● Try it: What is needed is an exact reproduction of the lines in the records below, starting at the line with "活动现场,书法爱好者们凝神聚" and ending at the line with "Sabato 21 marzo, in", both included, and nothing else; pictures stay out.

● Data for analysis:
########

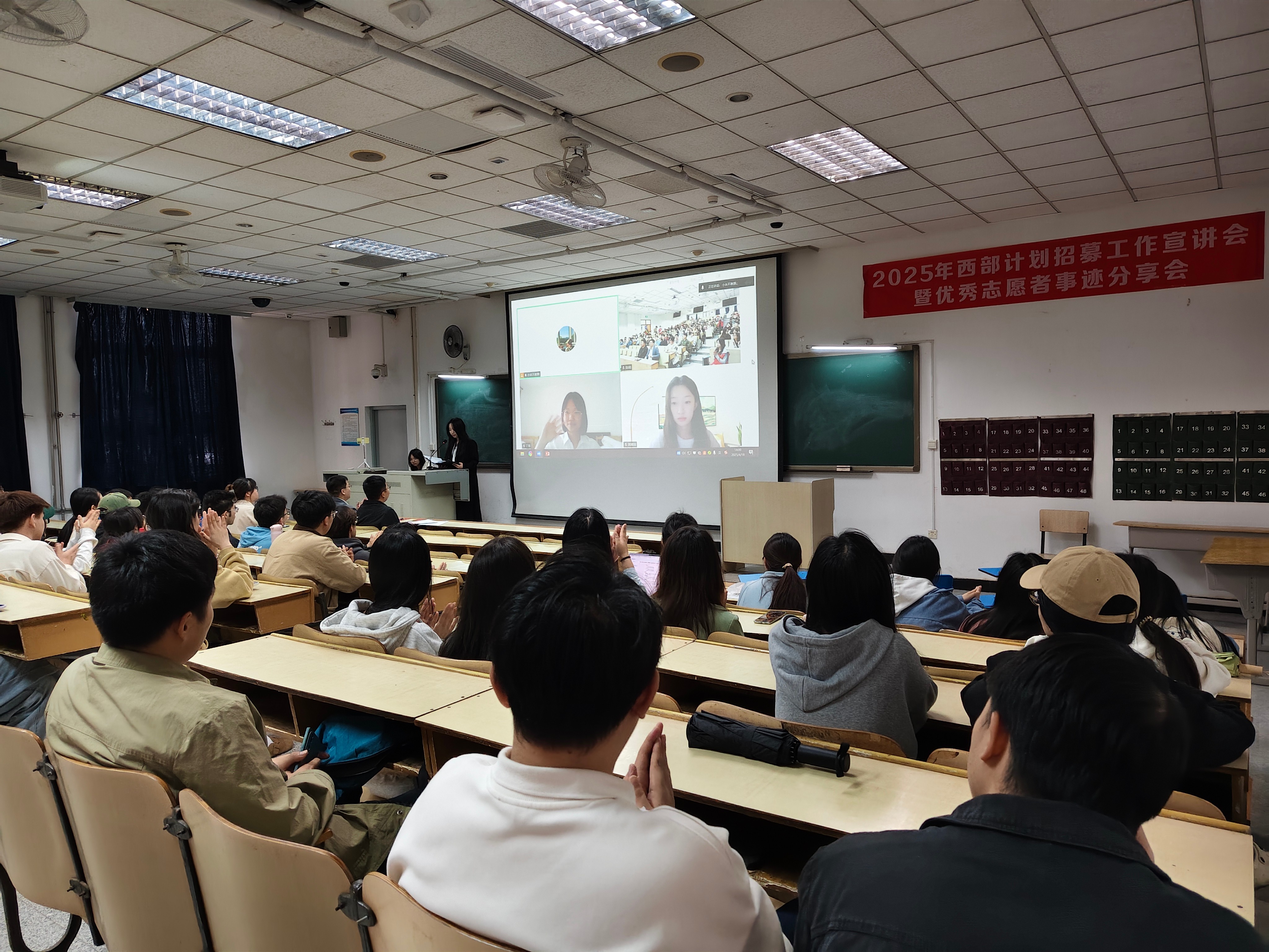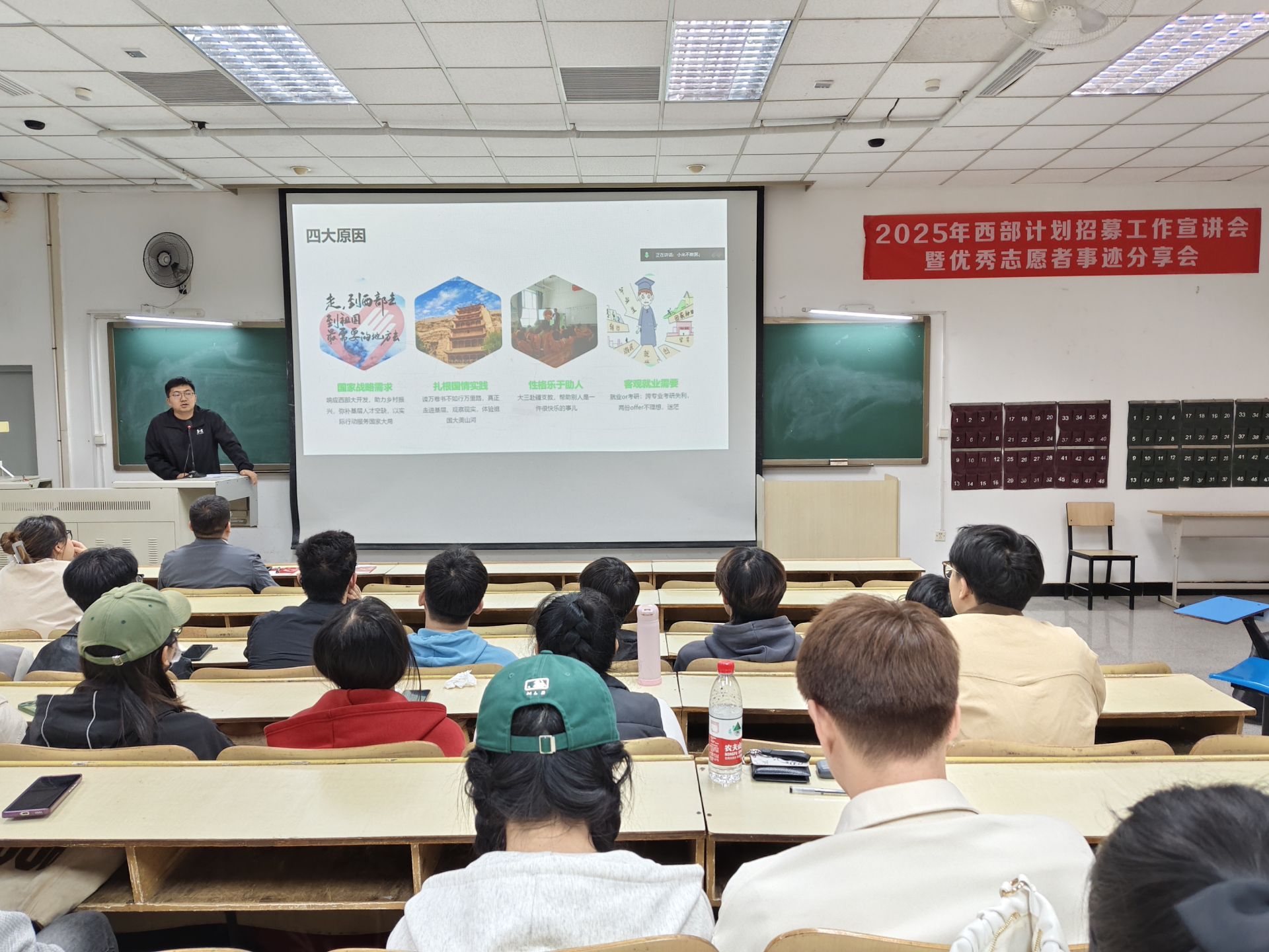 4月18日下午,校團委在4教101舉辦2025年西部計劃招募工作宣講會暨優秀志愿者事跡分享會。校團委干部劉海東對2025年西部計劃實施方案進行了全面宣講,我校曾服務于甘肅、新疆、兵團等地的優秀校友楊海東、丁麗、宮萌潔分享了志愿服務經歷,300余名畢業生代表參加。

########

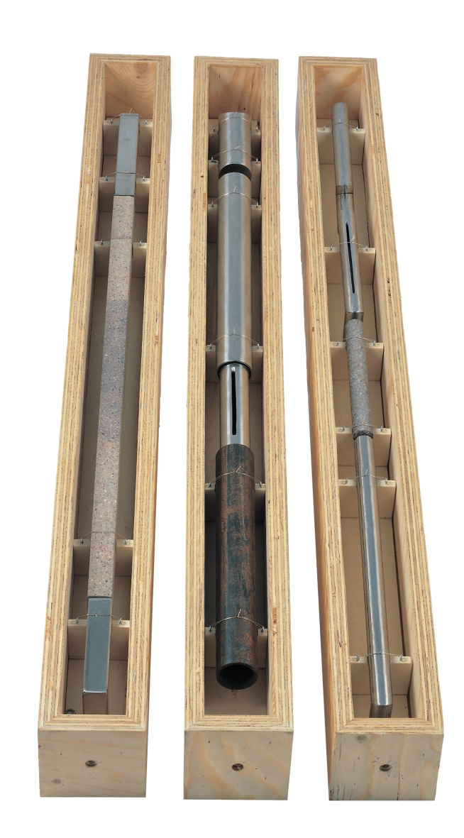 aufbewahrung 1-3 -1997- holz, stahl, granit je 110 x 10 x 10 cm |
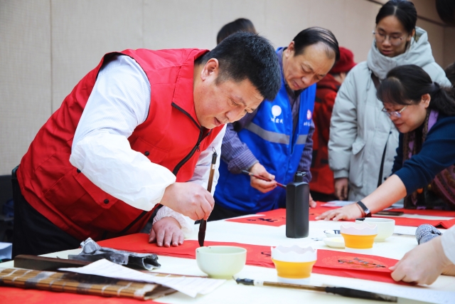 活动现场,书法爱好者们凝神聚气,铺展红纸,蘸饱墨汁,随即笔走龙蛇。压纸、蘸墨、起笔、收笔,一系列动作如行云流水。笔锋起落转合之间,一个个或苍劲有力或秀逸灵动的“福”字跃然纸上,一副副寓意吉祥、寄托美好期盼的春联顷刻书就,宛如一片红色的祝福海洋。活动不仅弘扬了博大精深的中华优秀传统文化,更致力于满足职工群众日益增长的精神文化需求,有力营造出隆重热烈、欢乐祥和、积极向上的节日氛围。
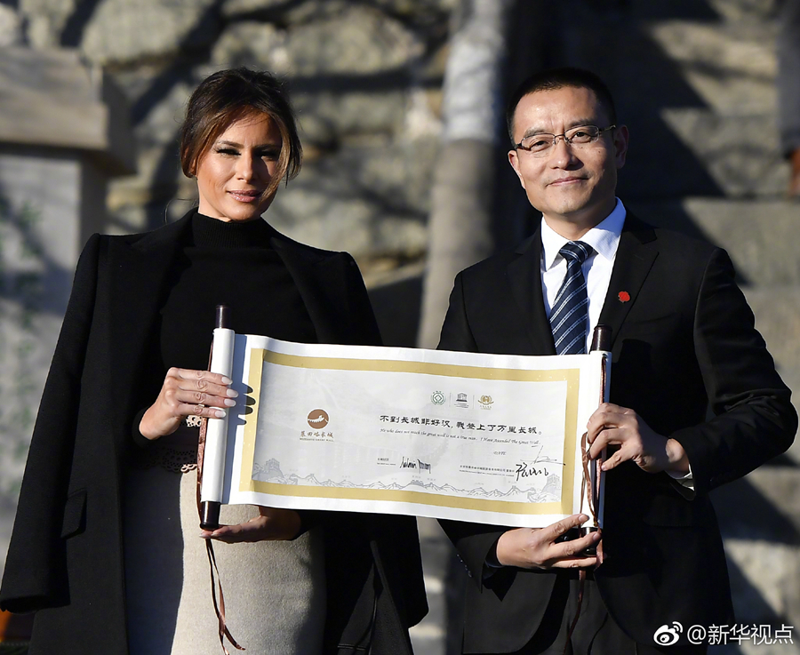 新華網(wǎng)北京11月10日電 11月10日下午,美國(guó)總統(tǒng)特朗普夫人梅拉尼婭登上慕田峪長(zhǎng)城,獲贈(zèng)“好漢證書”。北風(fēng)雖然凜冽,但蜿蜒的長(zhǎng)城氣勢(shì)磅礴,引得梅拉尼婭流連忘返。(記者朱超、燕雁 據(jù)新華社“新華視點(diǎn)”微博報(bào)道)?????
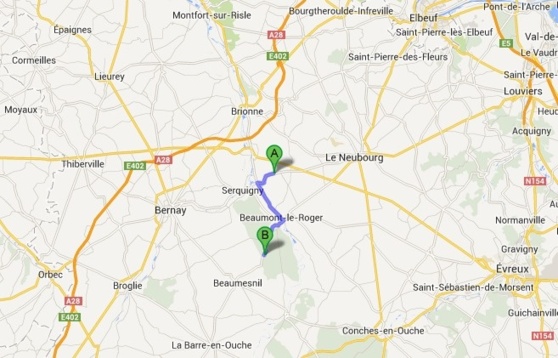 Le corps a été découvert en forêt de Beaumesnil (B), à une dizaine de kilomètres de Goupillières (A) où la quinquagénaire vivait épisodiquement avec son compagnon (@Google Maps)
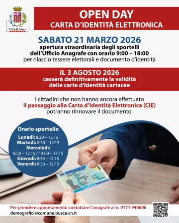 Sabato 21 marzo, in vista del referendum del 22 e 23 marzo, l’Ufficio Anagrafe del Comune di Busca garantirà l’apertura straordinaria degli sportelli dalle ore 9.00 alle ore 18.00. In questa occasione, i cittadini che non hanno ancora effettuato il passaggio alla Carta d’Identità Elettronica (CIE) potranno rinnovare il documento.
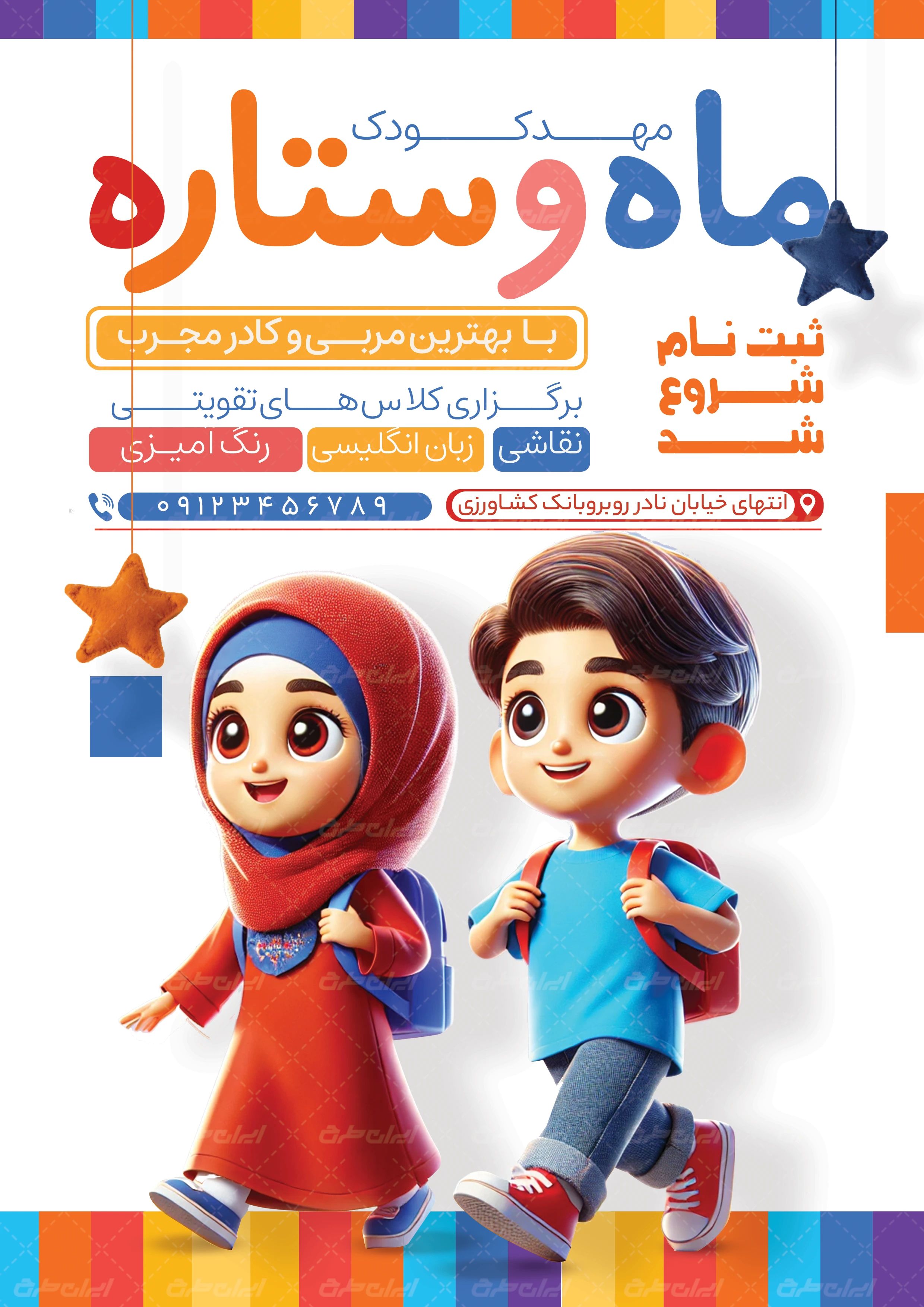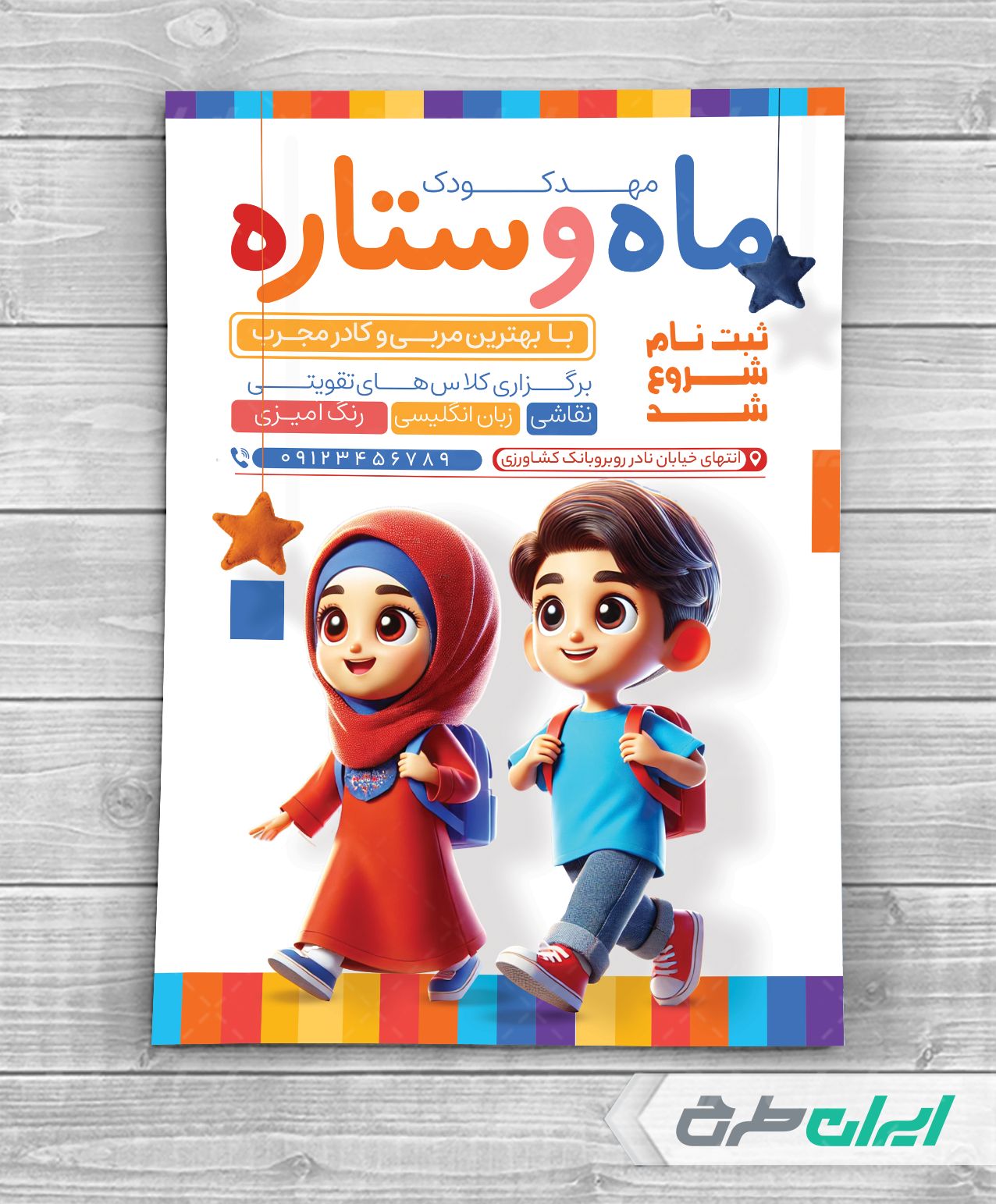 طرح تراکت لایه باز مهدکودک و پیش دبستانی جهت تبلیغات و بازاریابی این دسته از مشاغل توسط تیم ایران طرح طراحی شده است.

########

● Answer box:
 活动现场,书法爱好者们凝神聚气,铺展红纸,蘸饱墨汁,随即笔走龙蛇。压纸、蘸墨、起笔、收笔,一系列动作如行云流水。笔锋起落转合之间,一个个或苍劲有力或秀逸灵动的“福”字跃然纸上,一副副寓意吉祥、寄托美好期盼的春联顷刻书就,宛如一片红色的祝福海洋。活动不仅弘扬了博大精深的中华优秀传统文化,更致力于满足职工群众日益增长的精神文化需求,有力营造出隆重热烈、欢乐祥和、积极向上的节日氛围。
 新華網(wǎng)北京11月10日電 11月10日下午,美國(guó)總統(tǒng)特朗普夫人梅拉尼婭登上慕田峪長(zhǎng)城,獲贈(zèng)“好漢證書”。北風(fēng)雖然凜冽,但蜿蜒的長(zhǎng)城氣勢(shì)磅礴,引得梅拉尼婭流連忘返。(記者朱超、燕雁 據(jù)新華社“新華視點(diǎn)”微博報(bào)道)?????
 Le corps a été découvert en forêt de Beaumesnil (B), à une dizaine de kilomètres de Goupillières (A) où la quinquagénaire vivait épisodiquement avec son compagnon (@Google Maps)
 Sabato 21 marzo, in vista del referendum del 22 e 23 marzo, l’Ufficio Anagrafe del Comune di Busca garantirà l’apertura straordinaria degli sportelli dalle ore 9.00 alle ore 18.00. In questa occasione, i cittadini che non hanno ancora effettuato il passaggio alla Carta d’Identità Elettronica (CIE) potranno rinnovare il documento.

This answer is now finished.